Hot Cross Bunny is a 1948 Warner Bros. Merrie Melodies theatrical animated short. The short was released on August 21, 1948, and features Bugs Bunny. The title is a play on the nursery rhyme Hot Cross Buns as well as a punny allusion to the basic plot premise.

Plot
Bugs is "Experimental Rabbit #46" in the Eureka Hospital Experimental Laboratory, Paul Revere Foundation (which sports the unencouraging slogan 'Hardly a man is now alive' in punning allusion to Henry Wadsworth Longfellow's "Paul Revere's Ride"). Bugs lives a pampered life, oblivious to the fact that a scientist plans on switching his brain (or at least his personality, since no surgery is involved) with that of a chicken.

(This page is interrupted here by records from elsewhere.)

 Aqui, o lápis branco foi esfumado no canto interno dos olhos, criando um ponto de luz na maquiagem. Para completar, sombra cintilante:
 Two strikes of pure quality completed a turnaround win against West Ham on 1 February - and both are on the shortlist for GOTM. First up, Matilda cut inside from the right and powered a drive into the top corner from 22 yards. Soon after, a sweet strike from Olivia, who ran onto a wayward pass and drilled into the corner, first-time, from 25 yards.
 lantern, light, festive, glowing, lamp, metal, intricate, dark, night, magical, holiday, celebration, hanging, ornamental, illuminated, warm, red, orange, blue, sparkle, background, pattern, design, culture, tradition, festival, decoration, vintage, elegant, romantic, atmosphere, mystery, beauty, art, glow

After giving Bugs an examination (including a joke when Bugs reads the microscopic "Allied Trades Council" union disclaimer on an eye chart when told to read the bottom line), the scientist brings him out to the operating theater, in front of an audience of fellow doctors.  Bugs thinks he's been brought out to perform. He pulls out all the stops, including his impression of Lionel Barrymore ("I'm the mayor of the Town!"), a magic act and dancing. Upon finishing each act, he looks around to see the unimpressed, stern-faced doctors in exactly the same frame position each time ("What a tough audience! It ain't like St. Joe!"). The scientist attempts to retrieve Bugs, but is pushed away. He strikes Bugs with a hammer while the rabbit is in the middle of a Danny Kaye-esque scat routine, but Bugs quickly revives and, having failed as the entertainment, becomes a vendor instead, selling hot dogs to the scientists, only to be hammered again. Learning the scientist's intentions, Bugs runs and a chase ensues.

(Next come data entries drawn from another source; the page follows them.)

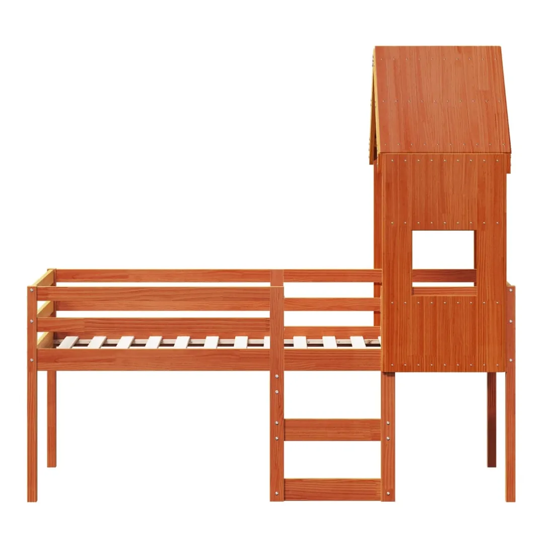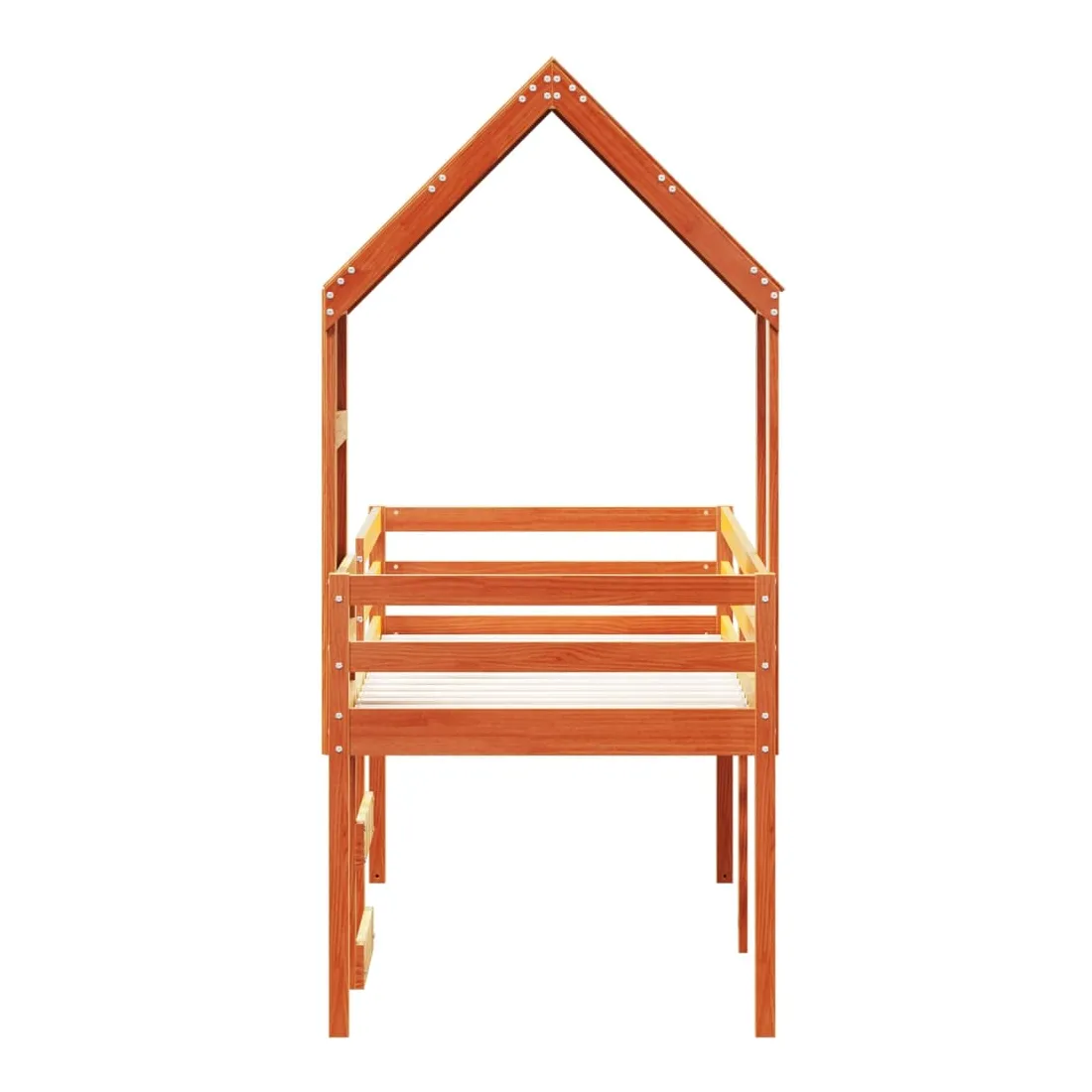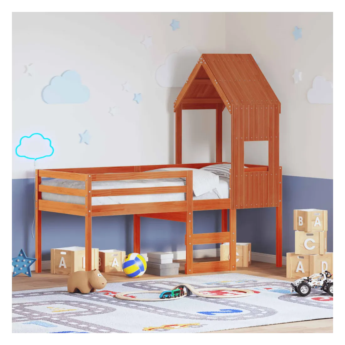 Ce lit haut, dont la polyvalence est au cœur de son design, est une combinaison parfaite de style moderne et élégant et de praticité. Il est idéal pour les petites pièces. Bois de pin massif : le bois de pin massif est un matériau naturel magnifique. Le bois de pin a un grain droit et les nœuds donnent au matériau son aspect caractéristique et rustique.Fonction pratique : le lit surélevé offre un excellent moyen d'utiliser l'espace au sol dans la chambre de votre enfant, vous pouvez le combiner avec un rideau de jeu cool, un matelas de jeu et un panneau d'abri comme un coin de jeu ou utiliser la zone en dessous pour le stockage. Les lattes en contreplaqué offrent un soutien supplémentaire à votre lit. Elles prolongent la durée de vie de votre matelas en absorbant la majeure partie de la tension et du poids du lit.Design sûr : l'échelle intégrée du lit surélevé facilite l'entrée et la sortie du lit, et les garde-corps garantissent la sécurité de vos jeunes pendant qu'ils dorment.Très amusant : en combinant le toit avec le lit de votre enfant, vous pouvez créer une cachette qui permettra à votre enfant de s'amuser à l'heure du coucher. Cette addition innovante non seulement sera un point focal passionnant, mais aussi apportera de la fantaisie et de l'amusement dans la chambre d'enfant.Porte latérale ouverte : le toit est doté d'une porte latérale ouverte qui permet à vos enfants d'entrer et de sortir facilement du lit. Bon à savoir :Un matelas n'est pas inclus avec ce lit. Nous offrons une sélection variée de matelas. Vous pouvez consulter notre boutique pour trouver un matelas assorti.
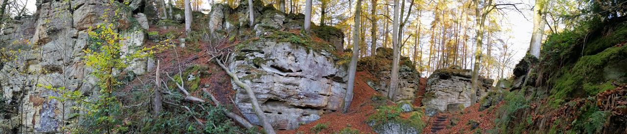 Die wild zerklüftete Schlucht am Ostrand des Ferschweiler Plateaus oberhalb des Ortes Irrel entstand am Ende der letzten Eiszeit vor rund 12.000 Jahren infolge einer gewaltigen Serie von Felsstürzen.
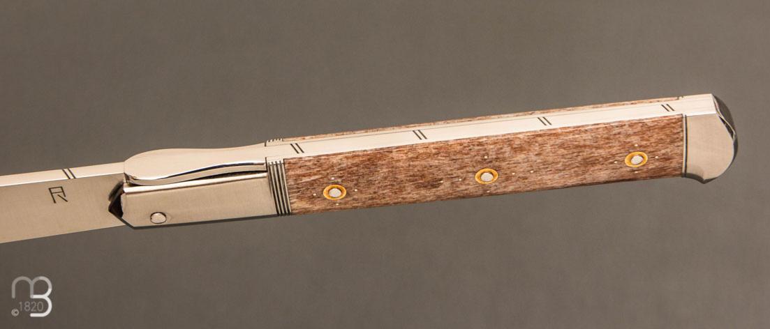Romain Alvarez nous propose une version de luxe du célèbre couteau "Yssingeaux" avec des finitions soignées et une lame en RWL-34
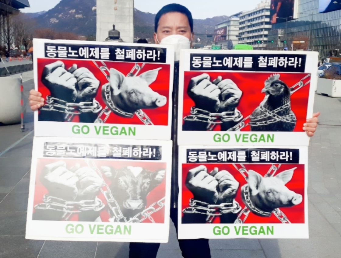 [비건뉴스=최유리 기자] 서울 광화문 이순신 동상 앞에서 12월 2일 ‘국제 노예제 철폐의 날’을 맞아 동물보호단체들이 공장식 축산 중단과 비건 전환을 촉구하는 포토행동을 진행했다. 현장에는 한국동물보호연합, 한국비건채식협회, 기후위기비건행동, 한국비건연대, 한국채식연합이 함께했다. 참가자들은 피켓과 퍼포먼스를 통해 배터리 케이지와 임신틀 등 공장식 사육 구조가 초래하는 문제를 지적하며 동물 억압을 끝내야 한다고 목소리를 냈다.
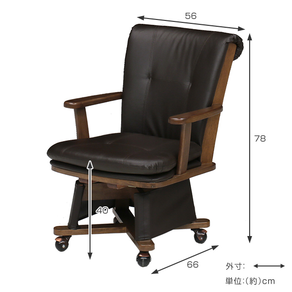 ゆったり寛げるキャスター付きこたつチェア

Bugs hides in a closet, not noticing a skeleton in there, and comes out scared when he does see it. Then, when chased into the laboratory, he makes an ostensibly explosive cocktail and threatens the scientist with it, saying: "One more step and I'll blow ya up! This contains manganese, phosphorus, nitrate, lactic acid, and dextrose!" The scientist laughingly dismisses the threat, telling Bugs the aforementioned ingredients are the formula for a chocolate malt and Bugs drinks it, saying: "Yum, yum! I'm a better scientist than I thought." Then Bugs hides near an oxygen tent disguised as a Boy Scout, leading the scientist in the wrong direction and Bugs sits up and salutes: "That was me good deed for the day!".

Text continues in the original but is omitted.